Noted for his excellent structural explanation of the Third Reich's political culture in The Hitler Myth
, eminent historian Ian Kershaw shifts approach in this innovative biography of the Nazi tyrant. The first of a two-volume study, Hubris
is far from a simple rehearsal of "great man" history, impressively exploring the historical forces that transformed a shiftless Austrian daydreamer into a dictator with immense power.
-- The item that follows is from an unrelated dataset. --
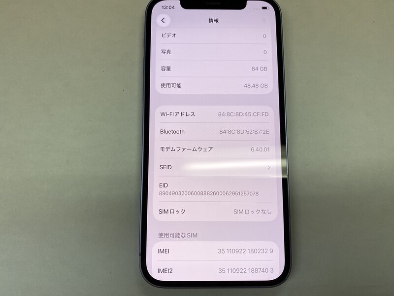 OA326 SIMフリー iPhone12 パープル 64GB
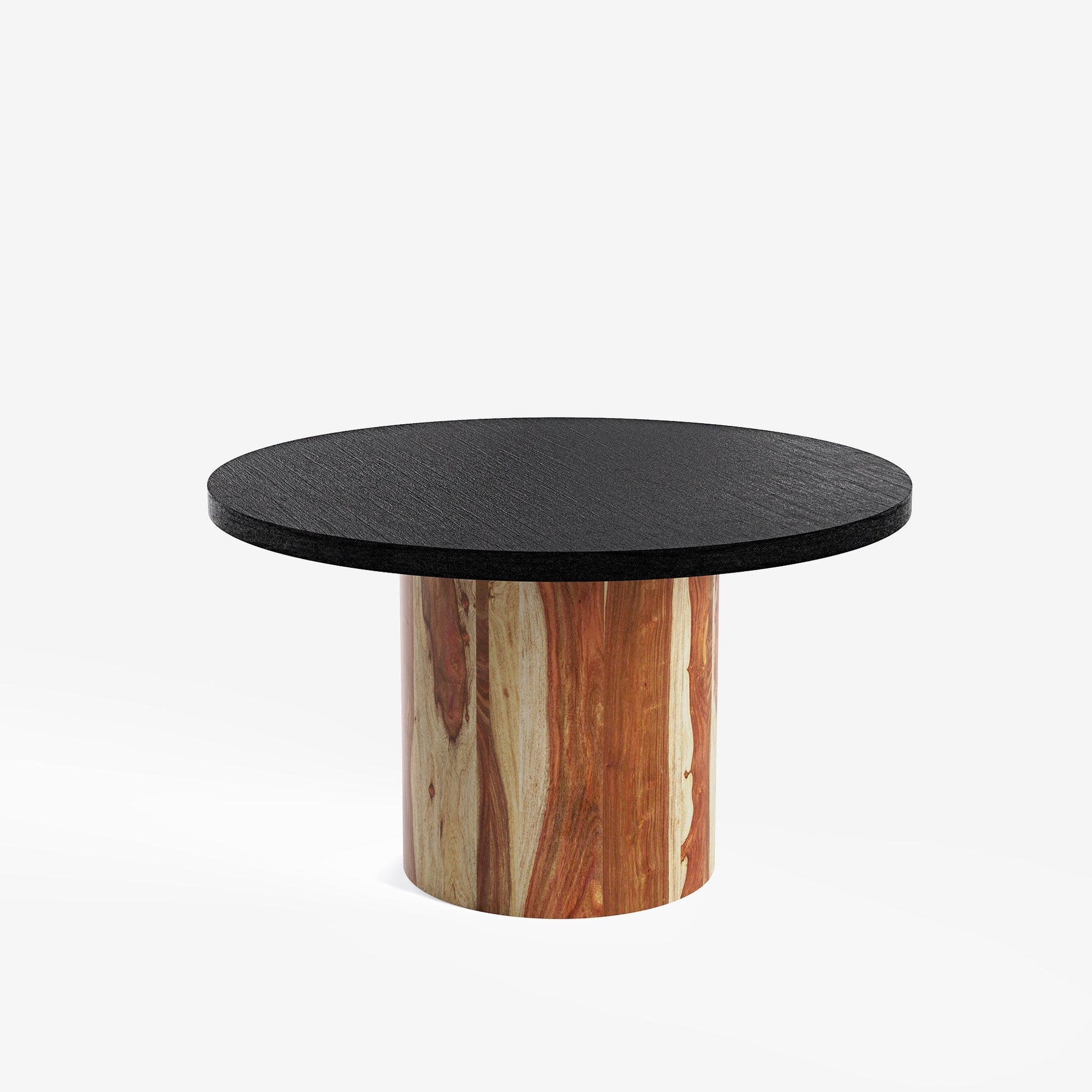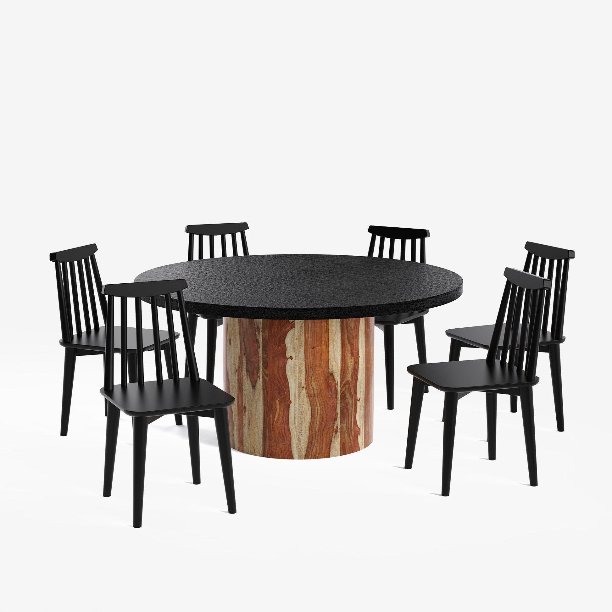 Premium dining table design: Round dining table with textured black matte Sheesham wood top and pedestal legs.

In his forthright introduction, Kershaw acknowledges that, as a committed social historian, he did not include biography in his original intellectual plans. However, his "growing preoccupation" with the structures of Nazi domination pushed him toward questions about Hitler's place and considerable authority within that system. He argues that the sources for Hitler's power must be sought not only in the dictator's actions but also (and more importantly) in the social circumstances of a nation that allowed him to overstep all institutional and moral barriers. In a comprehensive treatment of Hitler's life and times up through the remilitarization of the Rhineland in 1936, Kershaw draws from documents recently made available from Russian archives and benefits from a rigorous source criticism that has discredited many records formerly understood to be reliable. Hubris thus supplants Alan Bullock's classic Hitler: A Study in Tyranny as the definitive account of a man who, with characteristic smugness, indicated that it was a divinely inspired history that made him: "I go with the certainty of a sleep walker along a path laid out for me by Providence." Kershaw's penetrating analysis of how such a certain path could emerge from the dire circumstances of post World War I Germany is the abiding strength of Hubris. --James Highfill
From Publishers Weekly
We surely need books like Daniel Jonah Goldhagen's Hitler's Willing Executioners that examine German society as a whole in an effort to understand how Hitler came to power and held it for so long. But we also need classic, political biographies that focus on the dictator himself. Kershaw's book, the first volume of a projected two-part biography, pays some attention to how ripe a demoralized Germany was for demagoguery after the Treaty of Versailles, but the author's focus is on Hitler and his political career?the decisions he made as he rose to power and those he made once he attained it. What distinguishes this effort is the extent of documentation as Kershaw, a professor of history at the University of Sheffield, exploits the full Goebbels diaries and texts of early Hitler speeches only recently made accessible. Also notable is the portrait Kershaw draws of Hitler as surprisingly remote from the thuggery, greed and corruption of his followers, high and low, even as he actively encouraged the development of a cult of personality. Kershaw closes with an examination of Hitler's remilitarization of the Rhineland, a fait accompli made possible by the timidity and disarray of Germany's supine neighbors. Had the French marched, Hitler said later, "we would have had to withdraw... with our tails between our legs." By 1936, Kershaw writes, events had substantiated Hitler's hubris. A "nemesis" (subtitle of the next volume) would in reality not emerge before 1941. Kershaw's massive work (made somewhat too massive by some repetition) is valuable for the rigor with which it portrays Hitler not as some supernatural evil force ejected into history from beyond but as a thoroughly natural figure?evil, surely, but historically evil. Photos.